Default	/sas/ep/config/dmp-config.xml
Interaction	Use the -dmpconfig argument in conjunction with the -add or -remove argument to specify the HDFS location of the configuration file. Use the -genconfig argument when you upgrade to a new version of your Hadoop distribution.
Tip	Use the -dmpconfig argument to create the configuration file in a non-default location.
See	-genconfig config-filename -force

-maxscp number-of-copies

specifies the maximum number of parallel copies between the master and data nodes.

Default	10
Interaction	Use this argument in conjunction with the -add argument.

-hostfile host-list-filename

specifies the full path of a file that contains the list of hosts where SAS Data Management Accelerator for Spark is installed or removed.

Default	The sasdmp_admin.sh script discovers the cluster topology and uses the retrieved list of data nodes.
Interaction	Use the -hostfile argument in conjunction with the -add when new nodes are added to the cluster.
Tip	You can also assign a host list filename to a UNIX variable, `SASEP_HOSTS_FILE`. export SASEP_HOSTS_FILE=/etc/hadoop/conf/slaves
See	-hdfsuser user-id
Example	-hostfile /etc/hadoop/conf/slaves

-host <">host-list<">

specifies the target host or host list where SAS Data Management Accelerator for Spark is installed or removed.

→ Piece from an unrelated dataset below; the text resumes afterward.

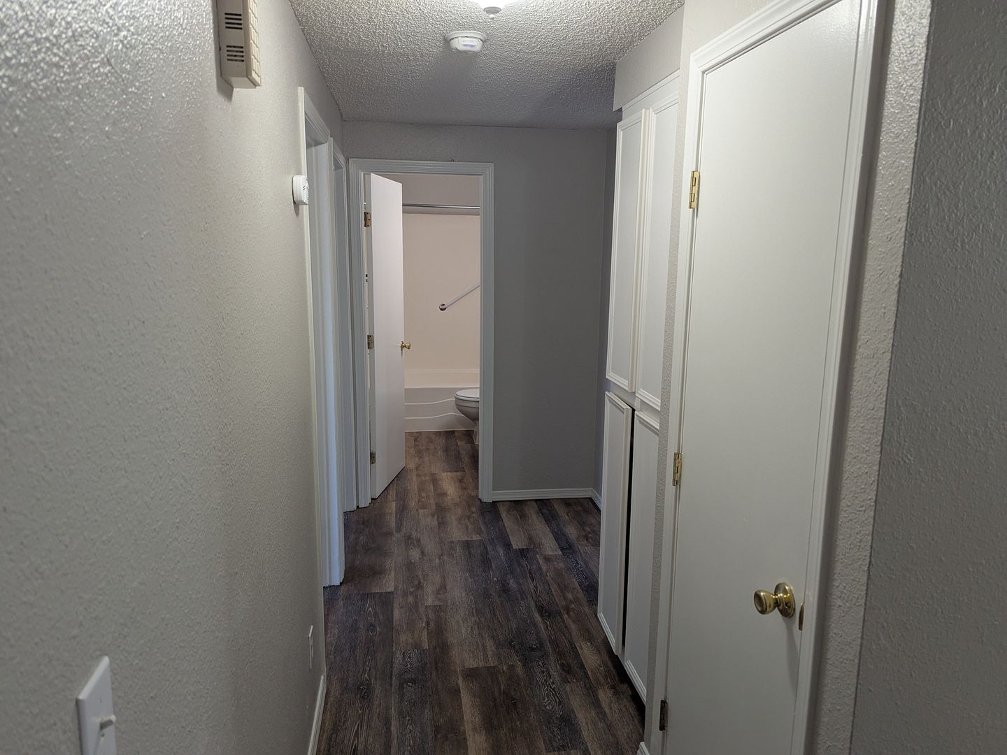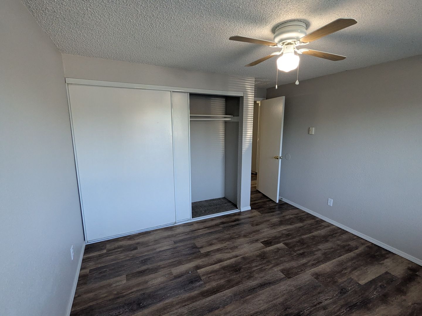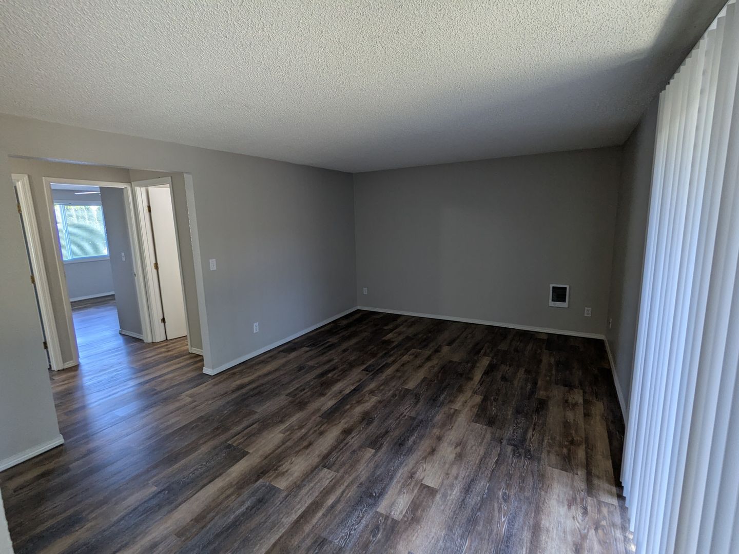 This galley style kitchen includes a dishwasher, stove/oven, and refrigerator. Other features include cadet heating, a dining area, and a sliding glass door to the covered back patio/balcony. The complex has off-street parking and 3 on-site laundry rooms.

Default	The sasdmp_admin.sh script discovers the cluster topology and uses the retrieved list of data nodes.
Requirement	If you specify more than one host, the hosts must be enclosed in double quotation marks and separated by spaces.
Interaction	Use the -host argument in conjunction with the -add when new nodes are added to the cluster.
Tip	You can also assign a list of hosts to a UNIX variable, `SASEP_HOSTS`. export SASEP_HOSTS="server1 server2 server3"
See	-hdfsuser user-id
Example	-host "server1 server2 server3" -host bluesvr

-hdfsuser user-id

specifies the user ID that has Write access to the HDFS root directory.

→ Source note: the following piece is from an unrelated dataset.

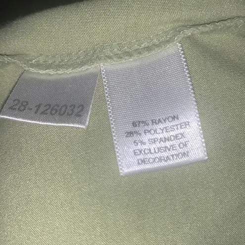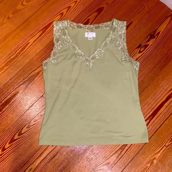 Pretty lace trim on green rayon polyester blend cami top. Beautiful condition, soft and comfy! Sleev... Show more

Default	hdfs for Cloudera, Hortonworks, Pivotal HD, and IBM BigInsights
Default	mapr for MapR
Interaction	Use the -hdfsuser argument in conjunction with the -add or -remove argument to change or remove the HDFS user ID.
Note	The user ID is used to copy the SAS Data Management Accelerator for Spark configuration files to HDFS.

-log filename

writes the installation output to the specified filename.

Interaction

Use the -log argument in conjunction with the -add or -remove argument to write or remove the installation output file.

-remove <-keepconfig>

removes SAS Data Management Accelerator for Spark.

Tips	You can specify the hosts for which you want to remove SAS Data Management Accelerator for Spark by using the -hostfile or -host option. The -hostfile or -host options are mutually exclusive.
Tips	This argument removes the generated dmp-config.xml file. Use the -keepconfig argument to retain the existing configuration file.
See	-hostfile and -host option

-genconfig config-filename <-force>

generates a new SAS Data Management Accelerator for Spark configuration file in the specified location.

Default	/sas/ep/config/dmp-config.xml
Interaction	Use the -dmpconfig argument in conjunction with the -add or -remove argument to specify the HDFS location of the configuration file. Use the -genconfig argument when you upgrade to a new version of your Hadoop distribution.
Tip	This argument generates an updated dmp-config.xml file. Use the -force argument to overwrite the existing configuration file.
See	-dmpconfig config-filename

-check

checks if SAS Data Management Accelerator for Spark is installed correctly on all data nodes.

-env

displays the Hadoop configuration environment.

-hadoopversion

displays the Hadoop version information for the cluster.

-hotfix

installs a hotfix on an existing SAS Data Management Accelerator for Spark installation.

-nodelist

displays all live DataNodes on the cluster.

-sparkversion

displays the Spark version information for the cluster.

-validate

validates the install by executing simple Spark and MapReduce jobs.

-version

displays the version of SAS Data Management Accelerator for Spark that is installed.